### [PROVIDED RECORDS]
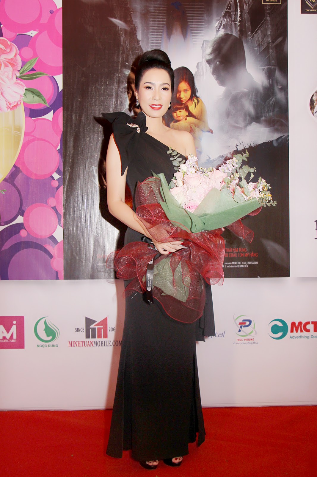 Xuất hiện trong buổi lễ nữ nghệ sĩ đa tài, đa biệt danh Trịnh Kim Chi diện trang phục đầm dạ hội đen sang trọng, quý phái. Dường như có thể nói đây là một trong những người đẹp “không tuổi” bởi cô luôn sở hữu nhan sắc mặn mà, nụ cười thánh thiện dù tuổi đời và tuổi nghề đã rất lâu.
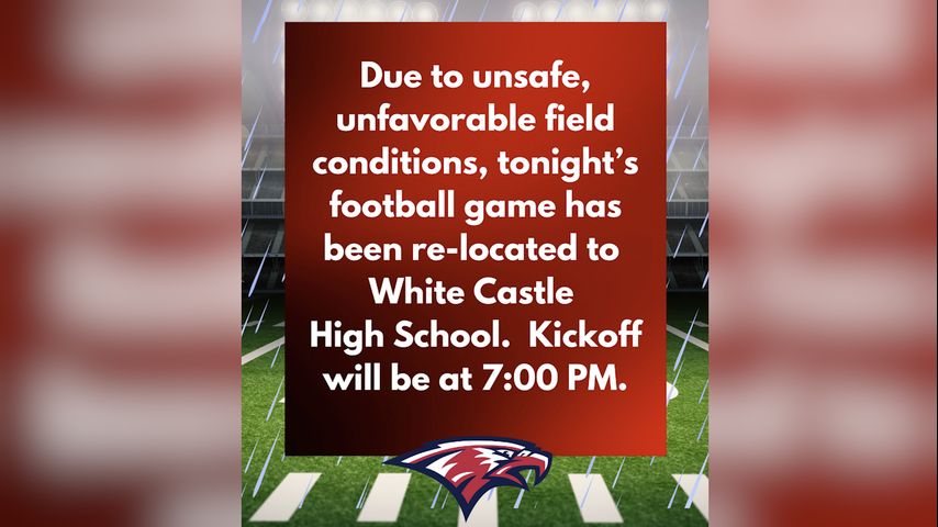 The football game between Central Catholic and White Castle High School has been relocated and will now take place at White Castle High School at 7:00 p.m.
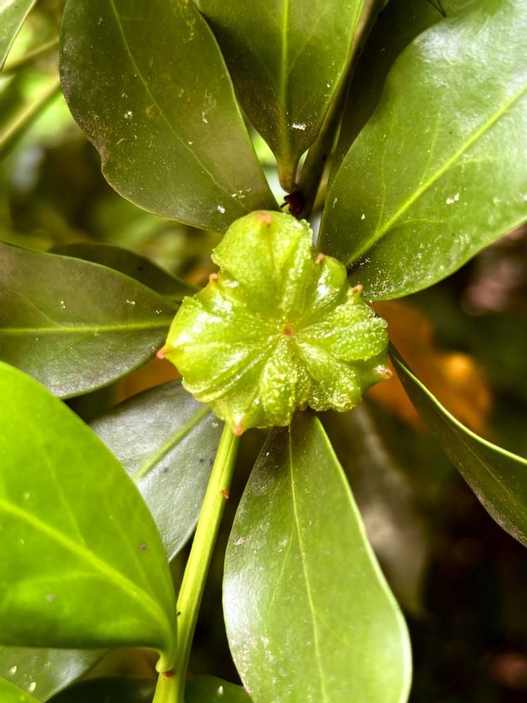 袋果が裂開するとすぐに落下するみたいで、葉腋についたままの熟した果実は見つかりませんでした😅
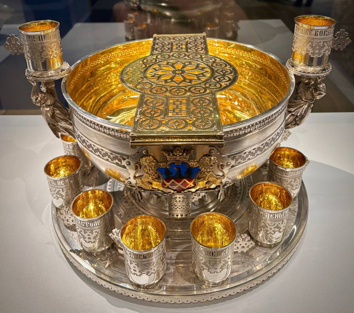 Пятничный контент подъехал 😃 Это, друзья мои, чаша (братина) для жженки с чарками фирмы Сазикова, которая сейчас пусть и не так известна как фирма Фаберже, но изделия у них тоже весьма хороши. Что же такое жженка? Настоящая алкогольная поэзия ❤️ Для ее приготовления требовалось несколько бутылок рома, коньяка или вина. Их вливали вот в такую чашу, добавляли апельсины и специи, на решетку сверху клали сахарную голову. Напиток поджигали и ждали пока сахар растает. Когда весь сахар оказывался в чаше, то этот поэтический напиток заливали шампанским для пущей рифмы. А затем неспешно потягивали из таких чарок. Хорошо? Великолепно! 🤩 Братину для жженки можно увидеть в Историческом музее на выставке, посвященной Царскому селу.
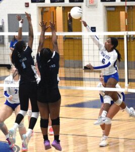 DSC_0588 By Andre Jones | November 6, 2024 10:09 pm New Kent’s Ryan Griffith (6) looks like she is walking on air as she delivers a kill over two Lakeland defenders.Robb Johnson photo

### [WORK REQUEST]
From the line with "The football game" up to and including the line with "袋果が裂開するとすぐに落下す" above, retype every line exactly and nothing more; leave out the pictures.

### [RESULT OF THE EXERCISE]
 The football game between Central Catholic and White Castle High School has been relocated and will now take place at White Castle High School at 7:00 p.m.
 袋果が裂開するとすぐに落下するみたいで、葉腋についたままの熟した果実は見つかりませんでした😅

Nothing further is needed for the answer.